The teen-agers have different reasons for enrolling in the acting class.

"It fills the time," said Maggie Devaney.

"You learn different ways to express yourself," said April Hinrichsen.

"There's not much to do in the summer," said Heather Thomas.

"It's something for the future," Brooke Beattie said.

Lauren Williams took the class while visiting from Kansas City for the summer. April and Ashley Hinrichsen just moved to Cape Girardeau from California and wanted to get to know people in the community.

Felker is a Cape Central graduate who is studying theater at Ohio Wesleyan University. Leyes is a Southeast graduate who just finished her first year of teaching English in the Farmington schools. At Southeast she was an English major who appeared in "Tartuffe," "Threepenny Opera" and "The Music Man."

Acting has had a big effect on her, she says. "You tend to look at details more, your breathing, how you walk, how you enunciate words. It gives you more self-confidence. It carries through with your daily life."

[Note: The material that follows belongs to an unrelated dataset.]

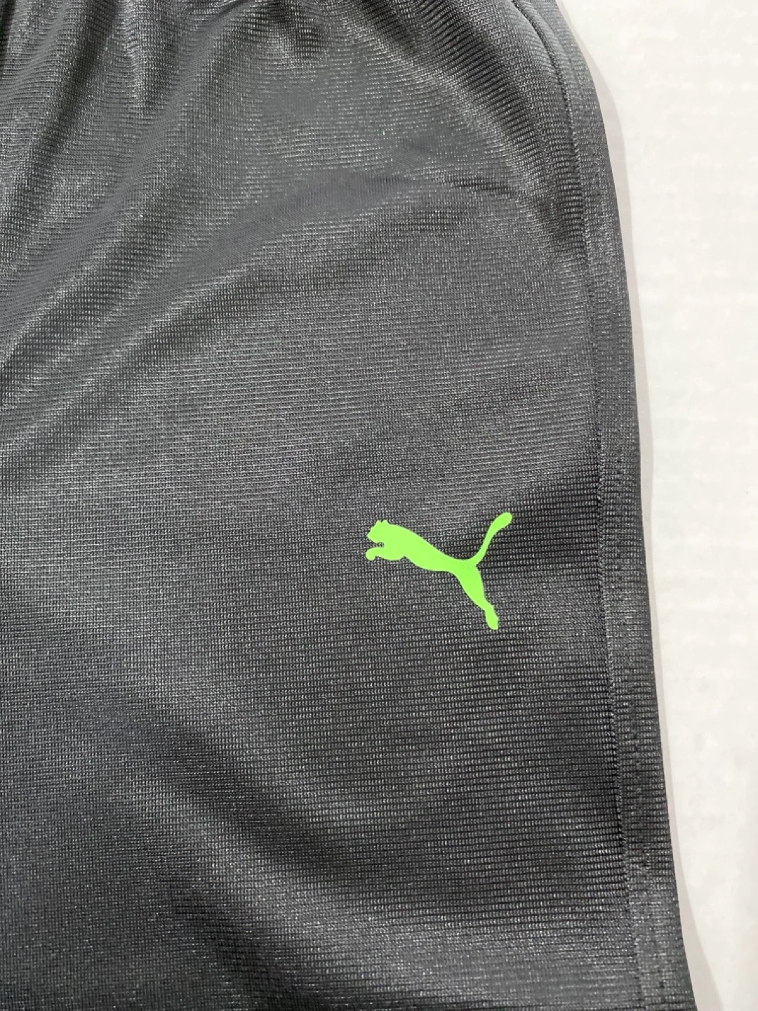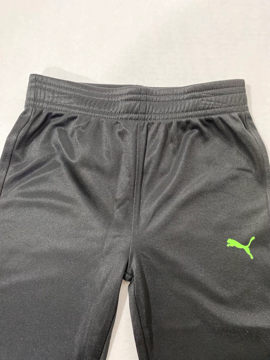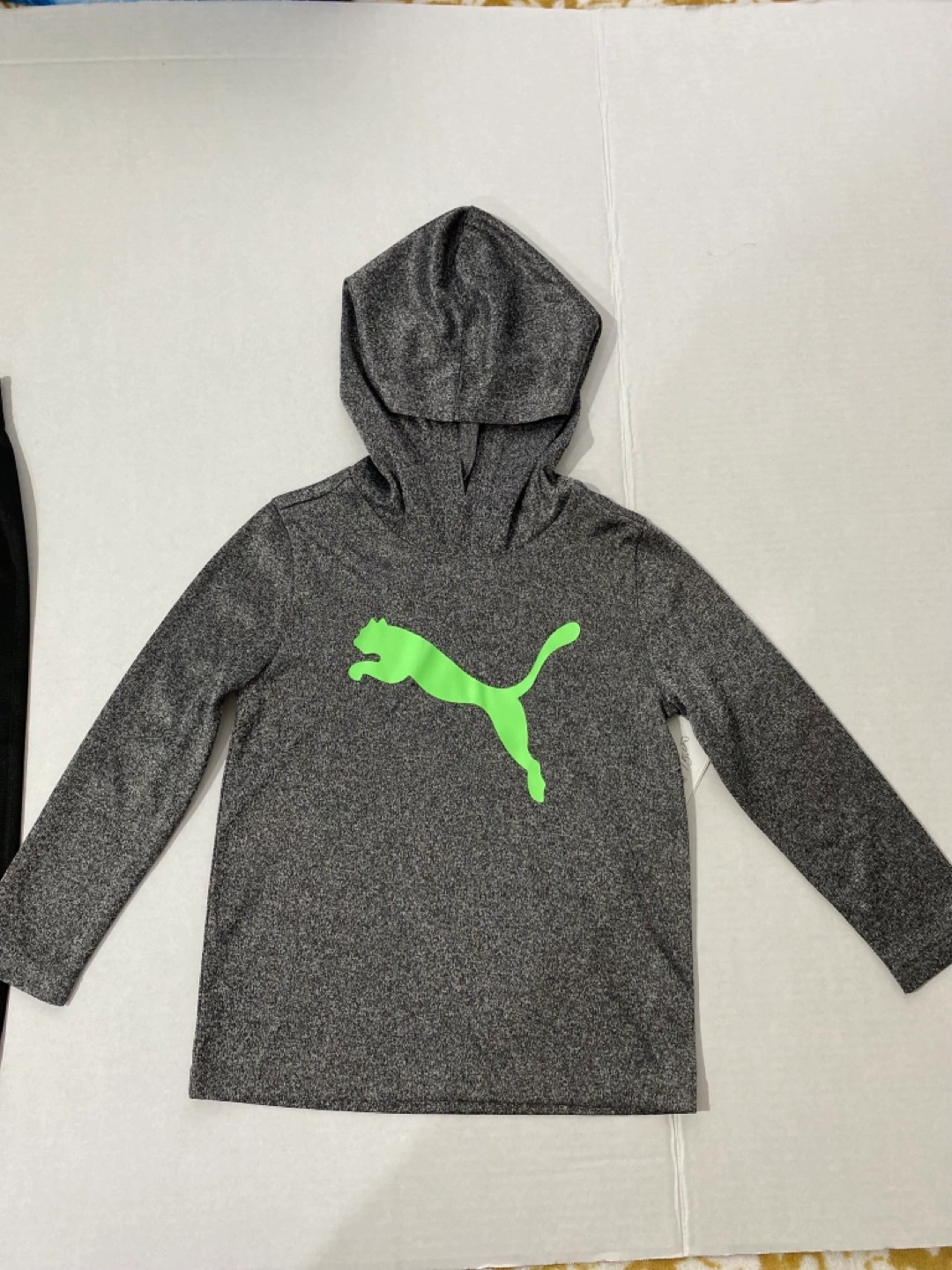 Black jogger pants and a heather gray hoodie. Size 2T. Elastic waistband and cuffs. Lime green Puma logo. Great for playtime or lounging.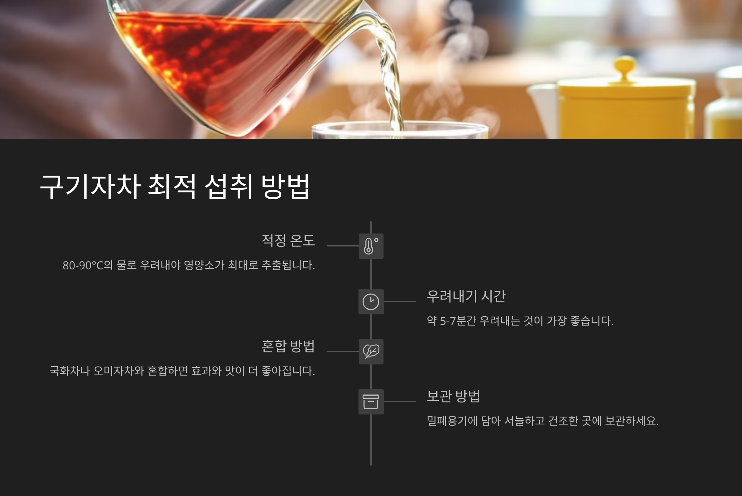 구기자차는 또한 항염 작용이 있어 눈의 염증을 줄여줄 수 있고, 안구건조증 완화에도 도움을 줘요. 현대인의 만성적인 눈 피로, 뻑뻑함, 침침함 등의 증상을 자연스럽게 관리할 수 있는 데일리 건강차로 주목받고 있죠.

Acting has made her a better teacher, she says. "I am much less inhibited in front of the kids."

At the front of a classroom, she uses some of the same techniques she used on the stage.

"When an actor sees the audience waning, you do something bigger to draw them back," she said.

She already sees a difference between the students who first sauntered into the theater two weeks ago and in the actors and actresses who will perform Friday.

"They seem to have come out of their shells," she says.